§ PROBLEM STATEMENT:
Print out the data that follows exactly, character for character, apart from the pictures.

§ DATA BELOW:
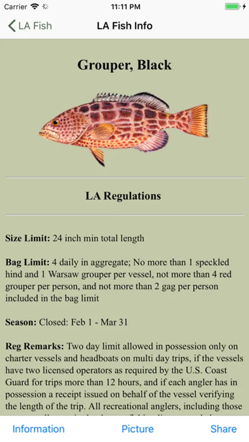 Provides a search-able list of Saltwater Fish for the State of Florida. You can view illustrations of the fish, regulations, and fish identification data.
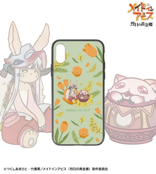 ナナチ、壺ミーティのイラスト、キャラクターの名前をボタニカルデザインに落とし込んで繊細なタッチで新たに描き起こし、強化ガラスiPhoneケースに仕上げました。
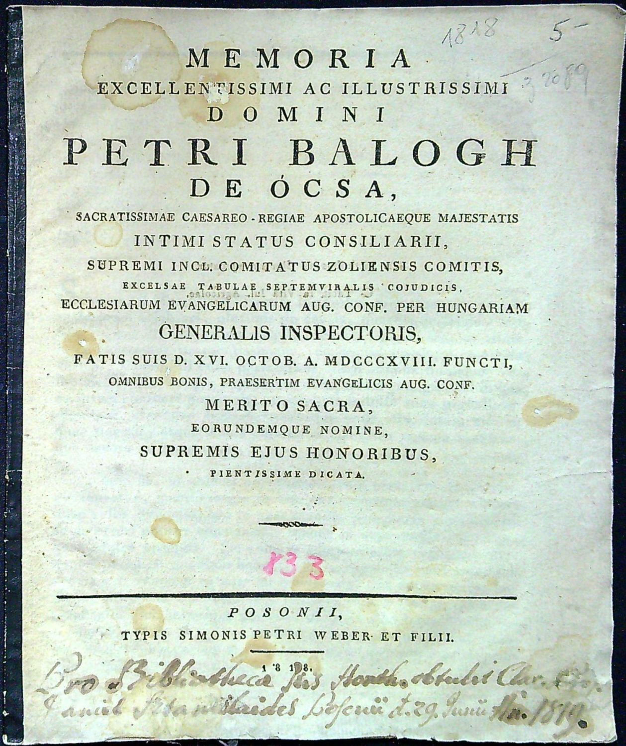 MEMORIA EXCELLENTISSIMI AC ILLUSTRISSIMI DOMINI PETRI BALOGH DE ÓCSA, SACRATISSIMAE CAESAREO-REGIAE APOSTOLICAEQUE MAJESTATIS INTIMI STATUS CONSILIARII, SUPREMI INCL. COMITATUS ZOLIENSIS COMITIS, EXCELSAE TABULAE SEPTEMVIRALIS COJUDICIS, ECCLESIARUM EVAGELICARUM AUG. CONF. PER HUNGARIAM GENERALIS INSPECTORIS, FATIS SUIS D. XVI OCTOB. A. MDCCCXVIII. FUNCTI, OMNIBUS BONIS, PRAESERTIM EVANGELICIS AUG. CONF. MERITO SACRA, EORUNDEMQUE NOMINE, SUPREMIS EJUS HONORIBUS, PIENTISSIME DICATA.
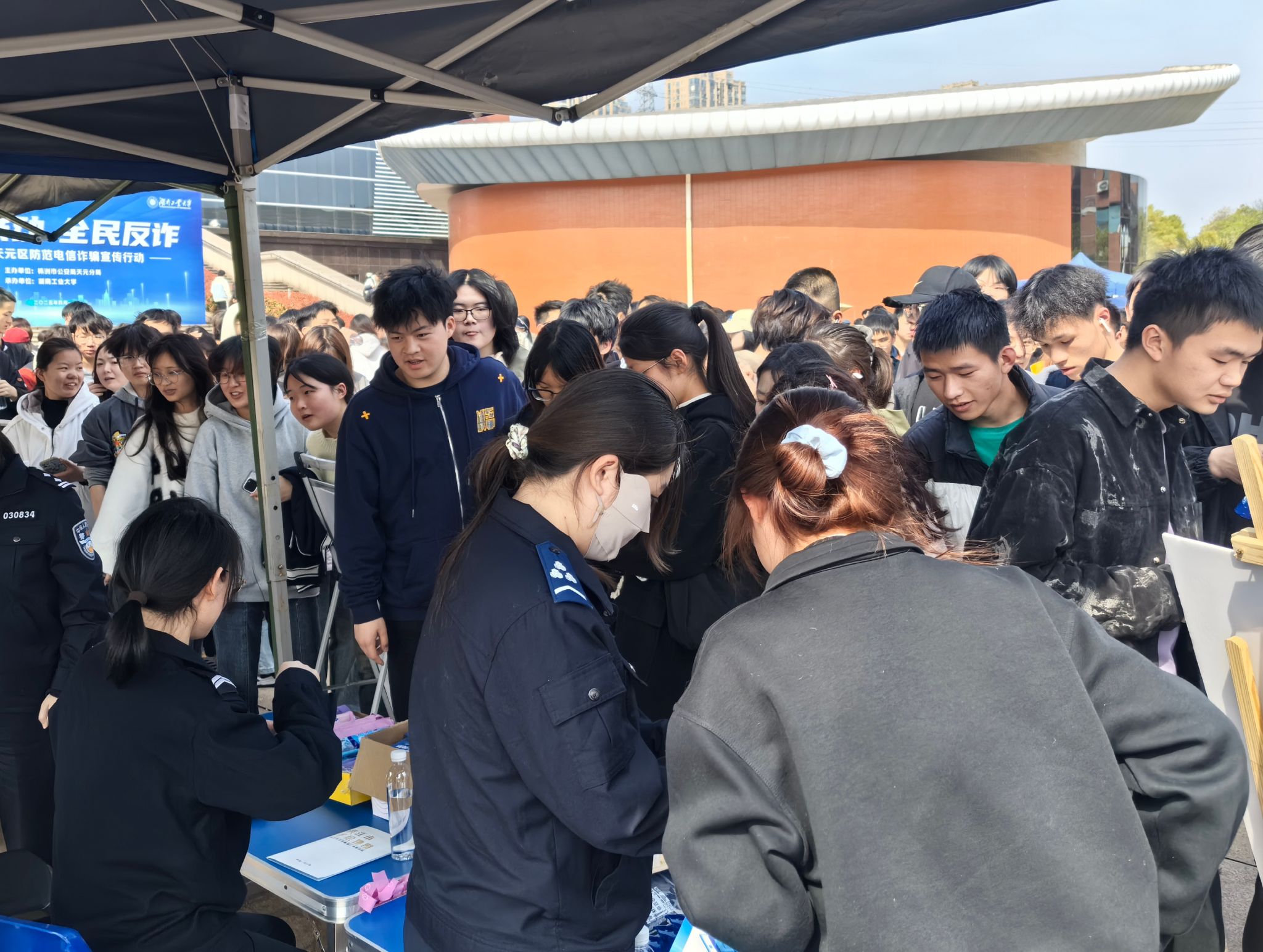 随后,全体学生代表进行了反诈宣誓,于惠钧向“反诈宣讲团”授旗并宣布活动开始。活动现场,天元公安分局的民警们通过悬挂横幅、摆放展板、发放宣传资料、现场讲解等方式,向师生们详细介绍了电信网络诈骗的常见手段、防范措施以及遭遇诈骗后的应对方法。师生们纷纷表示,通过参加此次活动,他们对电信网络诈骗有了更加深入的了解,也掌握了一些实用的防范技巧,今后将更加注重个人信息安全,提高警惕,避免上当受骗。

§ EXERCISE RESPONSE:
 Provides a search-able list of Saltwater Fish for the State of Florida. You can view illustrations of the fish, regulations, and fish identification data.
 ナナチ、壺ミーティのイラスト、キャラクターの名前をボタニカルデザインに落とし込んで繊細なタッチで新たに描き起こし、強化ガラスiPhoneケースに仕上げました。
 MEMORIA EXCELLENTISSIMI AC ILLUSTRISSIMI DOMINI PETRI BALOGH DE ÓCSA, SACRATISSIMAE CAESAREO-REGIAE APOSTOLICAEQUE MAJESTATIS INTIMI STATUS CONSILIARII, SUPREMI INCL. COMITATUS ZOLIENSIS COMITIS, EXCELSAE TABULAE SEPTEMVIRALIS COJUDICIS, ECCLESIARUM EVAGELICARUM AUG. CONF. PER HUNGARIAM GENERALIS INSPECTORIS, FATIS SUIS D. XVI OCTOB. A. MDCCCXVIII. FUNCTI, OMNIBUS BONIS, PRAESERTIM EVANGELICIS AUG. CONF. MERITO SACRA, EORUNDEMQUE NOMINE, SUPREMIS EJUS HONORIBUS, PIENTISSIME DICATA.
 随后,全体学生代表进行了反诈宣誓,于惠钧向“反诈宣讲团”授旗并宣布活动开始。活动现场,天元公安分局的民警们通过悬挂横幅、摆放展板、发放宣传资料、现场讲解等方式,向师生们详细介绍了电信网络诈骗的常见手段、防范措施以及遭遇诈骗后的应对方法。师生们纷纷表示,通过参加此次活动,他们对电信网络诈骗有了更加深入的了解,也掌握了一些实用的防范技巧,今后将更加注重个人信息安全,提高警惕,避免上当受骗。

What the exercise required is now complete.